* _Work to complete_
Beneath this task are records; print exactly the stretch of them from the line with "Similar Design Products" through the line with "Lampu LED lentera", both ends included.

▼

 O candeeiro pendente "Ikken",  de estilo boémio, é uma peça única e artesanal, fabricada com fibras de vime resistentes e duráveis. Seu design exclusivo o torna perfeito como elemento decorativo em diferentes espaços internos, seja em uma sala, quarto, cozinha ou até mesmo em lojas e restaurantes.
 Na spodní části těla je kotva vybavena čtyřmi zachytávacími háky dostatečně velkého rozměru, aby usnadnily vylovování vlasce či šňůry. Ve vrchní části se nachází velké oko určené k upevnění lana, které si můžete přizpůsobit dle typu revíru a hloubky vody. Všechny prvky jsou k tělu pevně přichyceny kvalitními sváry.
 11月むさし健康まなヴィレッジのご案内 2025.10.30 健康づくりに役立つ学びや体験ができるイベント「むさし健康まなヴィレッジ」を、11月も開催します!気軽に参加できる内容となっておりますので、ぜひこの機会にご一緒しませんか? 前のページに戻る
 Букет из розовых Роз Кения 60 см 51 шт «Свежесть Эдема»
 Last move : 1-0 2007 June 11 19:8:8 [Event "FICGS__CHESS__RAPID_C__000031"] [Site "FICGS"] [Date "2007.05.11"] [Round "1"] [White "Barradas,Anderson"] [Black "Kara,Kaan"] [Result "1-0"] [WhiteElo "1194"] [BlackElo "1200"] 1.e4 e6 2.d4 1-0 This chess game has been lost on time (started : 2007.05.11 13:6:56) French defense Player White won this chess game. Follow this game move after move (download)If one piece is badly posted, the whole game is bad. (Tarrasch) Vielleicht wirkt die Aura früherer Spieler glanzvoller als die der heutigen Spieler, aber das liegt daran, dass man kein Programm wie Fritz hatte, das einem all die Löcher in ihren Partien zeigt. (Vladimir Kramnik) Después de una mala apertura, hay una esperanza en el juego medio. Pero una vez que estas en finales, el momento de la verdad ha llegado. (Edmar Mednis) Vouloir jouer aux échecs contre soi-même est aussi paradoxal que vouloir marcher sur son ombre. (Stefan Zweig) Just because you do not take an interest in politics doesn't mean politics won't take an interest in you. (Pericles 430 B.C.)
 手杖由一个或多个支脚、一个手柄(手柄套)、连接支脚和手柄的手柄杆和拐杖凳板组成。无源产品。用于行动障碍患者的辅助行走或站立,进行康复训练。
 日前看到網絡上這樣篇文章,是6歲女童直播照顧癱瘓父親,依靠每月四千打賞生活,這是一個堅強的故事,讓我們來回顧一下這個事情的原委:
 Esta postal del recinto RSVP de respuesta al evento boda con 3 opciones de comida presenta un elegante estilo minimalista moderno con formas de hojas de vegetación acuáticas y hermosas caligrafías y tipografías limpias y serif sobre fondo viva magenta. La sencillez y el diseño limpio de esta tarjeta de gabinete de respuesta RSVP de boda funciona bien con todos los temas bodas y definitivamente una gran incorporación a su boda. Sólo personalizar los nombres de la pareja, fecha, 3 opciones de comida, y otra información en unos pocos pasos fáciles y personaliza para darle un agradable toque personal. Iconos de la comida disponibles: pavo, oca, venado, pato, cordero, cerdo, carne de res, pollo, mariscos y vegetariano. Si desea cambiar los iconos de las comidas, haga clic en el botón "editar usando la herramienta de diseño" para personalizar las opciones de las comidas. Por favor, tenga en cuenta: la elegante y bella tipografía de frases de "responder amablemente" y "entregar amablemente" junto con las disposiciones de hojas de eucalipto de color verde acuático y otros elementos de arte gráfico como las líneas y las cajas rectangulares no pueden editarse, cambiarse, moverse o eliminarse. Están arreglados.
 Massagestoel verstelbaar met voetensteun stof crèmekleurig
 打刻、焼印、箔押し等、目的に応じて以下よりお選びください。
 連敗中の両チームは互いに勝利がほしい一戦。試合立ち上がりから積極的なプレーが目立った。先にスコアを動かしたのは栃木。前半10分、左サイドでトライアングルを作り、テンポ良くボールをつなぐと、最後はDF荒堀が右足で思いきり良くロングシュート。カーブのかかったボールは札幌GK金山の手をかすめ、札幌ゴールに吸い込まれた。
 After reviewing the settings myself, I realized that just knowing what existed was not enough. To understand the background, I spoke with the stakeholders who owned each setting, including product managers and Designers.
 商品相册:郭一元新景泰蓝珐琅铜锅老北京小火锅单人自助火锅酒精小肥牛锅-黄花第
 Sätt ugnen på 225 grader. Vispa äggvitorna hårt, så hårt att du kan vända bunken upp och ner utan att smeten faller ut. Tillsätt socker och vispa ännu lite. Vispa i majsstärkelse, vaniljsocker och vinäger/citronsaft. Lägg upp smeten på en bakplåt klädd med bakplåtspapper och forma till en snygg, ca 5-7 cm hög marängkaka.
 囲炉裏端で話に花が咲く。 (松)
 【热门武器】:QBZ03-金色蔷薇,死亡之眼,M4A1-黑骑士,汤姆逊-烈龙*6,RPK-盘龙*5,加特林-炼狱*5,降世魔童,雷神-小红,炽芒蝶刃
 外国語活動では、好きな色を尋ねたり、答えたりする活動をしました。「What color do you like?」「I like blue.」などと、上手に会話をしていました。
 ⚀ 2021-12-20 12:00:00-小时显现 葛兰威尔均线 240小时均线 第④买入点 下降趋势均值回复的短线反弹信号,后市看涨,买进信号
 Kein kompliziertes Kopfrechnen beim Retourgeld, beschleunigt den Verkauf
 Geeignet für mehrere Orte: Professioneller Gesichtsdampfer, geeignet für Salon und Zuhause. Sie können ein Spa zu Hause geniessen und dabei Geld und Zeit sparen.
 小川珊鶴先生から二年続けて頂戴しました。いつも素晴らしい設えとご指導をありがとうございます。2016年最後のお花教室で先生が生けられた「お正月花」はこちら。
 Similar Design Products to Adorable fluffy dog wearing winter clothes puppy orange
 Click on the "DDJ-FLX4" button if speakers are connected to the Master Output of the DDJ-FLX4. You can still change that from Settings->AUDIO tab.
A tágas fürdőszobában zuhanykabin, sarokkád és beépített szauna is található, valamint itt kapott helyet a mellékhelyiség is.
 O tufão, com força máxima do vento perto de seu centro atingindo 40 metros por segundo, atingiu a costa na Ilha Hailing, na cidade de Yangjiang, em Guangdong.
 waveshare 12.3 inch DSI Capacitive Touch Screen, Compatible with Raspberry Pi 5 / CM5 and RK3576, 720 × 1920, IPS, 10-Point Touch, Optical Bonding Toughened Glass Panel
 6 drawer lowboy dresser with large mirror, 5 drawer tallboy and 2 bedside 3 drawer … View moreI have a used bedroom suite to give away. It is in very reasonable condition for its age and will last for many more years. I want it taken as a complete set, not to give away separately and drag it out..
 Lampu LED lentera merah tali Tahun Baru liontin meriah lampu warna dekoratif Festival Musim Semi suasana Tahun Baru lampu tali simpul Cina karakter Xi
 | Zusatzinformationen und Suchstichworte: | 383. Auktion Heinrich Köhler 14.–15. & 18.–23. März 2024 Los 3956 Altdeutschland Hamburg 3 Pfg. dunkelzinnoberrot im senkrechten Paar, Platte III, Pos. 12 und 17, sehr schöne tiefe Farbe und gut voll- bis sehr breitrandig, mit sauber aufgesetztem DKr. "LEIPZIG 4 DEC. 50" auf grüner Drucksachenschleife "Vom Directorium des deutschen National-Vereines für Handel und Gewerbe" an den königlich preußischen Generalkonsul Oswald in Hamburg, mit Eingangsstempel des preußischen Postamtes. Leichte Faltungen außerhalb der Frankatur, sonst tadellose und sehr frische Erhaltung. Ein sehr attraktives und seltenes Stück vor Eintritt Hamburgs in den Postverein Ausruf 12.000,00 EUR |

▲

* _Reply_
 Similar Design Products to Adorable fluffy dog wearing winter clothes puppy orange
 Click on the "DDJ-FLX4" button if speakers are connected to the Master Output of the DDJ-FLX4. You can still change that from Settings->AUDIO tab.
A tágas fürdőszobában zuhanykabin, sarokkád és beépített szauna is található, valamint itt kapott helyet a mellékhelyiség is.
 O tufão, com força máxima do vento perto de seu centro atingindo 40 metros por segundo, atingiu a costa na Ilha Hailing, na cidade de Yangjiang, em Guangdong.
 waveshare 12.3 inch DSI Capacitive Touch Screen, Compatible with Raspberry Pi 5 / CM5 and RK3576, 720 × 1920, IPS, 10-Point Touch, Optical Bonding Toughened Glass Panel
 6 drawer lowboy dresser with large mirror, 5 drawer tallboy and 2 bedside 3 drawer … View moreI have a used bedroom suite to give away. It is in very reasonable condition for its age and will last for many more years. I want it taken as a complete set, not to give away separately and drag it out..
 Lampu LED lentera merah tali Tahun Baru liontin meriah lampu warna dekoratif Festival Musim Semi suasana Tahun Baru lampu tali simpul Cina karakter Xi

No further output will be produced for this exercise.